Data accumulation
Intel-founder Moore's law not only applies to processors, but also to the amount of data produced by these processors. By extending storage capacity, we struggle to control this accumulation of data. Unfortunately, we don't always succeed. Because of storage systems that are not limitless. Or because of extreme growth of data due to e.g. mergers or acquisitions.
'Backup windows'
Storage of data is a mere aspect of data accumulation. Making backups of an ever-growing volume of data is even more challenging. Not only because of the amount of data, but even more so because of the time it takes. When backing up data we try to take a snapshot-image of all data available. While taking that snapshot, that data must remain unaltered. During the time it takes to transform data into a backup, the data may not be altered, so no work can be done. This timeframe of inactivity we call the 'backup window'. Keeping that 'backup window' as compact as possible is a true challenge.
De-duplication
When backups are performed at maximum speed, acceleration of the traditional backup process may only be gained by reducing the data that needs to be backed up. This could be attained by excluding data from the backup schedule, but that oftentimes is not an option. De-duplication offers an efficient alternative.

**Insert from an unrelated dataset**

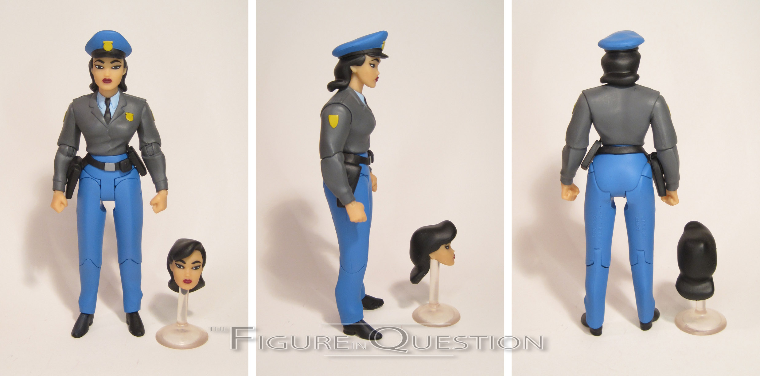 Fulfilling the “GCPD” segment of this set is Officer Renee Montoya. Montoya is noteworthy for being the second of B:TAS’s successful original creations that made her way back into the comics after the fact (following the immensely successful Harley Quinn, of course). Montoya is the one wholly unique figure in this set. She’s wearing her beat cop uniform, since she didn’t make it to detective until TNBA. The figure stands about 6 1/4 inches tall and she has 22 points of articulation. Her articulation works better than some of the Batman: Animated figures I’ve looked at, which certainly makes me feel a bit better. Her sculpt is definitely one of the strongest in the set, recreating her animated design rather nicely. She avoids being too devoid of detail, another issue that plagued some of the line’s other figures. Similarly, her paint is also very strong. The application is nice and clean, and the colors all match up with her on-screen appearance. Montoya is packed with an extra head, a handgun, a shotgun, four pairs of hands, and a display stand. The head offers Montoya without her hat, which I guess is nice, in theory, at least. In practice, it’s just very annoying. Why? Because, thanks to the design of the double barbel DCC’s used for her neck peg, if you’re not careful when swapping out the heads (a very difficult task, I might add), then the peg will pop out of the neck, rather than the head. I ended up having to spend about 20 minutes removing the barbel from the second Montoya head to put the one with the hat back on, and after all that, the peg is mangled to the point that I doubt I’ll be able to successfully swap it again. Okay, but what about the guns? Well, they look nice, but I almost broke both of them taking them out of the package. Also, despite the plethora of hands included, there’s not really a combo that can properly hold the shotgun.

During the process of de-duplication, smart algorithms detect repetitive data blocks and make certain these are only saved once. Upon detecting a repeating block, instead of storing it again, they store a pointer to the original. Depending on the type of data involved, this has been reported to reduce data by 95%. This effectively shortens your backup window. For de-duplication to be this effective, it needs to be implemented within an appliance. The dedicated hardware will provide the memory and processor speed needed to perform the extensive volume of calculations involved. Quantum has proven to be a pioneer applying this technology. Quantum's DXi appliances have proven to daily offer extremely voluminous reduction of data.
Currently, some recent generations of storage systems feature firmware with embedded de-duplication features. For use with less modern systems, separate external de-duplication appliances are preferred.
Moving
At times it may be necessary to de-duplicate only the data to be transported or moved. Thus, traffic is cleaned of duplicate data 'on the fly', transporting only the reference pointers. This technique is especially efficient when office applications, databases or web traffic are involved. Leading vendors featuring this technique are Riverbed and Blue Coat.